No-one stayed at home that night. I’d lived on the island for seventeen years, and I didn’t remember the circus ever coming to Skye before.

 

I had stepped out for a cigarette halfway through the girl-on-the-pony show. I liked the idea of the girl-on-the-pony show, but the reality of it depressed me. I could see the gobs of glue holding on the horse’s plume, and the girl had lipstick on her teeth.


It was all ‘no smoking’ here, even round the backs of the tents, so I had to go all the way to the main entrance. It was quiet there, the music and applause muffled through layers of canvas. The night smelled of popcorn and diesel fumes. A ticket collector lurked in the background, his booth lit with strings of Christmas lights. He probably hadn’t seen anyone for hours; no-one would arrive at the circus this late.


I was down to my last cigarette. I patted all my pockets before remembering I’d left my lighter in my other jacket. I went to pluck the cigarette off my lip when a lighter flickered, spotlight-bright in the darkness. I know, right? It’s like something off the Classic Movies channel. I leaned forward and lit my cigarette, closing my eyes so the smoke wouldn’t burn.


‘Thanks,’ I mumbled around the filter. The lighter snapped shut, and I could see who had offered it. His features were uneven: his nose a little too flat, his eyes a little too small. He was TV ugly—imperfect, not the romantic lead, but still attractive.


I didn’t say anything, just exhaled some smoke rings. I was playing it cool, my cigarette in one hand and the other tucked in my back pocket, my hips tilted towards him. His pickup routine was lame; but hey, I was seventeen.

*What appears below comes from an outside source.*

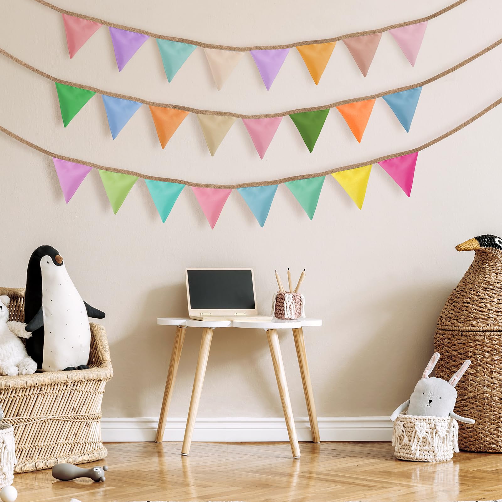 Couleur rouge, bleu marine, orange, bleu, vert, rose et lilas drapeaux de tissu cousu sur une bande blanche en coton. Double face (deux pièces de tissu cousues ensemble) Longueur 3 m avec 10 drapeaux Taille : fabriquée à partir de 100 % coton, cette guirlande en tissu coloré mesure 3 m de long avec 12 fanions double face Mélangez et assortissez : jetez un coup d'œil à nos fournitures de fête assorties Jubilé et Union Jack pour d'autres décorations et vaisselle rouges, blanches et bleues. Vous pouvez les trouver dans notre boutique... Spécifications : Matériel : tissu en coton imprimé double face Longueur : longueur totale 3,2 m/10,5 pieds Longueur du drapeau triangle simple face : 17 cm x 17... Guirlande Fanion Fait Main Guirlande De Fanions - Vintage - 3.3M - Tissu En Coton - 12 Guirlande Fanions Tissu Dncvb 2Pcs 3 Mètres Guirlande de Fanions en Tissu, Doux et épais Multicolor Fanions Banderole, Guirlande Drapeau Triangle Tissu avec 24 Pièces Drapeaux pour Les Décorations Murales

‘Would you like to go for a ride?’ he said.


I flicked away the stub of my cigarette; it hit the gate and rebounded with a flicker like a Bonfire Night sparkler. He took that as a yes and walked away from the gates.


The man from the circus whistled a tune as he tapped his fingers along the row of cars by the kerb. Maybe he thought that if he distracted me, I wouldn’t notice that he was breaking into the car rather than unlocking it. I knew that shiny red Subaru well; I watched Willy Murdo polish it in his driveway every Sunday.


I couldn’t stop staring at the man’s earlobes. I know it’s a weird thing to say; they were just so big, stretched out like doughnuts with wooden things in the holes.


He opened the passenger door and stood beside it. Did he want me to drive? He looked impatient; if he’d had car keys, he’d be jangling them. I opened my mouth to make an excuse, then realised he was holding the door for me. Another Classic Movies act. It made me wish I was wearing a fancy hat and very shiny shoes.


He pushed the driver’s seat back as far as it would go, but his knees still barely fit under the steering wheel. He didn’t look that tall out under the sky, but he looked huge folded inside the Subaru. He fiddled around under the steering wheel, then spun the wheel and roared into the night.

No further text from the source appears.